Commercial and Multifamily Mortgage Debt Outstanding Increased in Q1 2024

The amount of commercial mortgage debt outstanding increased in the first quarter of 2024, despite slow mortgage originations activity.

CRE and Multifamily Debt Outstanding
Source: Mortgage Bankers Association

The level of commercial/multifamily mortgage debt outstanding increased by $40.1 billion (0.9 percent) in the first quarter of 2024, according to the Mortgage Bankers Association’s (MBA) latest Commercial/Multifamily Mortgage Debt Outstanding quarterly report, released last month.

Total commercial/multifamily mortgage debt outstanding rose to $4.70 trillion at the end of the first quarter. Multifamily mortgage debt alone increased $23.7 billion (1.1 percent) to $2.10 trillion from the fourth quarter of 2023.

The amount of commercial mortgage debt outstanding increased in the first quarter of 2024, despite slow mortgage originations activity. Every major capital source increased its holdings of commercial mortgages, as fewer loans than usual were paid off through property sales or refinancings.
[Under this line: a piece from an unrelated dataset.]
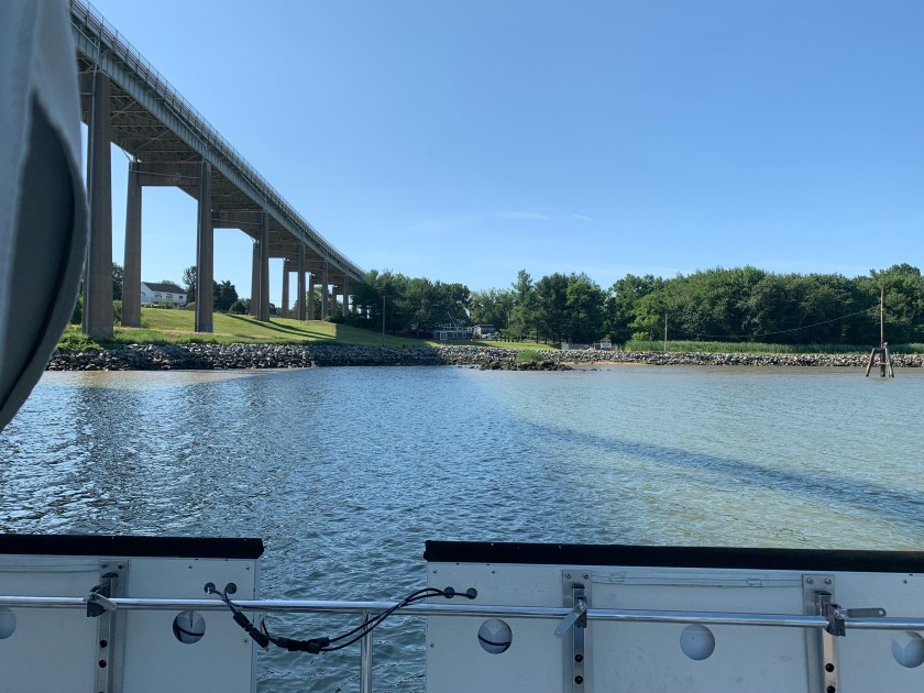And so we embark on a 256.4 nm journey, one which many sailors and mariners make every day. For us it will be a new experience; yes, we are about to do this. We plan to sail from Deale, MD to Betterton, MD where Glen from Cloudy Bay suggested we anchor on our 1st night. The next day will be nonstop from Betterton, MD after we pull up anchor until we put the boat on the mooring at Atlantic Highlanbds, NJ. On the way to Betterton, we passed the Chesapeake Bay Bridge and were all amazed at 1) how much water exists North of the bridge and 2) the beautiful homes along the East and West shores.

Commercial banks continue to hold the largest share (38 percent) of commercial/multifamily mortgages at $1.8 trillion. Agency and GSE portfolios and MBS are the second-largest holders of commercial/multifamily mortgages (22 percent) at $1.01 trillion. Life insurance companies hold $720 billion (15 percent), and CMBS, CDO and other ABS issues hold $604 billion (13 percent). Many life insurance companies, banks and the GSEs purchase and hold CMBS, CDO and other ABS issues. These loans appear in the report in the “CMBS, CDO and other ABS” category.

Changes in Commercial/Multifamily Debt Outstanding

In the first quarter, bank and thrifts saw the largest gains in dollar terms in their holdings of commercial/multifamily mortgage debt—an increase of $12.8 billion (0.7 percent). CMBS, CDO and other ABS issues increased their holdings by $11.0 billion (1.9 percent), agency and GSE portfolios and MBS increased their holdings by $10.2 billion (1.0 percent), and life insurance companies increased their holdings by $7.0 billion (1.0 percent).

In percentage terms, CMBS, CDO and other ABS issues saw the largest increase – 1.9 percent – in their holdings of commercial/multifamily mortgages. Conversely, state and local government retirement funds saw their holdings decrease 8.3 percent.